We have here, then, the makings of statecraft as soulcraft, for if there are to be limits on speech and press freedoms — if only “respectable” speech is to be permitted — those limits will need to be enforced by more than social sanctions, as the examples noted at the outset make clear. And the state’s soulcraft must of course be practiced by the right people. We wouldn’t want those limits influenced or enforced by the people at the National Endowments for the Arts or the Humanities, for sure, much less the folks at National Public Radio. And heaven help us if environmental speech deemed scientifically “respectable” were determined by the National Science Foundation, or if blasphemy were determined by Dutch courts, to take an example now in the news. No, only virtuous souls are qualified for soulcraft in pursuit of virtue.

Seemingly oblivious to the problem of selecting and guarding the guardians of public virtue, Milikh presses on with what he sees as the main problem: “speech in America has come to mean the expression of unreasoned inner feeling — no matter how raw or thoughtless — which has resulted in the closing off of rational speech.” As evidence he cites not the closing off of his own missive — how could he? — but the state of speech on our university campuses. Ironically, however, it is our modern First Amendment jurisprudence that, at least at public universities, is checking campus efforts to protect infantilized behavior and limit open and rational speech.

It’s at this point in his argument that Mikikh launches into an uncertain discussion of “our deficient understanding of the law’s effects on the human character.” This, he claims, stems from our “error” in believing “that law protects any kind of non-rational volition,” from flag-burning to pornography to vulgarity and on and on. In the end, it’s unclear whether he believes that law compels decency or that decency is a precondition for law. But it is clear that he believes that our modern speech and press jurisprudence “puts the law into disrepute. Can citizens,” he asks, “revere or believe to be sacred a law if it leads to unjustified insolence and foolishness?”

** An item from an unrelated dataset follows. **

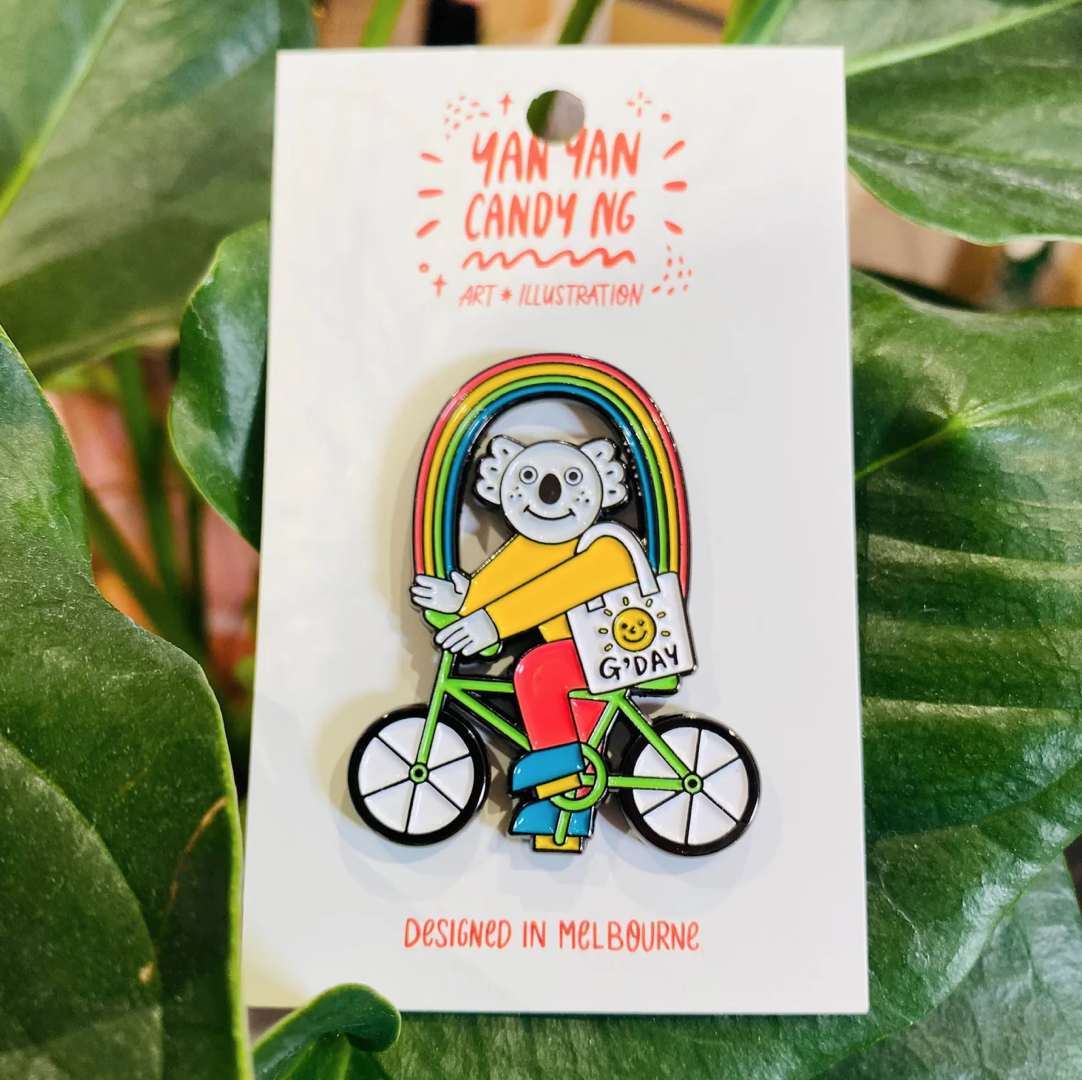A koala on a bike, cycling through the city and feeling like a rainbow – full of colour, joy, and good vibes all around!
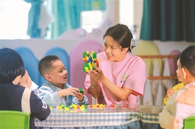 貴州省黔西市近年來鼓勵(lì)和引導(dǎo)社會力量興辦普惠托育機(jī)構(gòu),有效構(gòu)建起覆蓋城鄉(xiāng)的普惠托育服務(wù)體系。圖為5月12日,黔西市蓮城街道一托育中心,老師帶領(lǐng)小朋友堆積木。

Setting aside whether we’re to believe secular law is sacred, citizens can certainly revere law that allows people to be both virtuous and foolish. Indeed, the virtue of such law is that it does not judge as between the two but rather leaves it to experience to draw the distinctions. And nowhere is that more clear than in our law protecting free speech, which rests not on the content of the speech but on the right to speak. Virtuous or popular speech needs no protection. It is foolish or unpopular speech that is ever in peril. That our law today protects such speech is its cardinal virtue.

In one final irony, in support of his argument for limiting speech in the name of promoting virtue, an argument many conservatives make, Milikh concludes by urging judges to “use more than merely legal reasoning and demonstrate a capacity for psychological analysis and foresight” — that is, to become “statesmen” by “thinking through the effects of particular laws on the human character.” But it was conservative icon Justice Antonin Scalia who twice ruled against flag-burning bans, and who never tired of reminding us that the duty of the judge is to apply the law. Psychological analysis was the last thing he would have wanted judges to indulge.

Since Milikh invoked Benjamin Franklin in defense of this instrumental rationale for limiting speech, however, it is only right that Franklin’s broader view should conclude the matter: “Freedom of speech is a principal pillar of a free government,” he wrote in the Pennsylvania Gazette. “When this support is taken away, the constitution of a free society is dissolved, and tyranny is erected on its ruins.” Amen.

Roger Pilon is vice president for legal affairs at the Cato Institute and director of Cato’s Center for Constitutional Studies.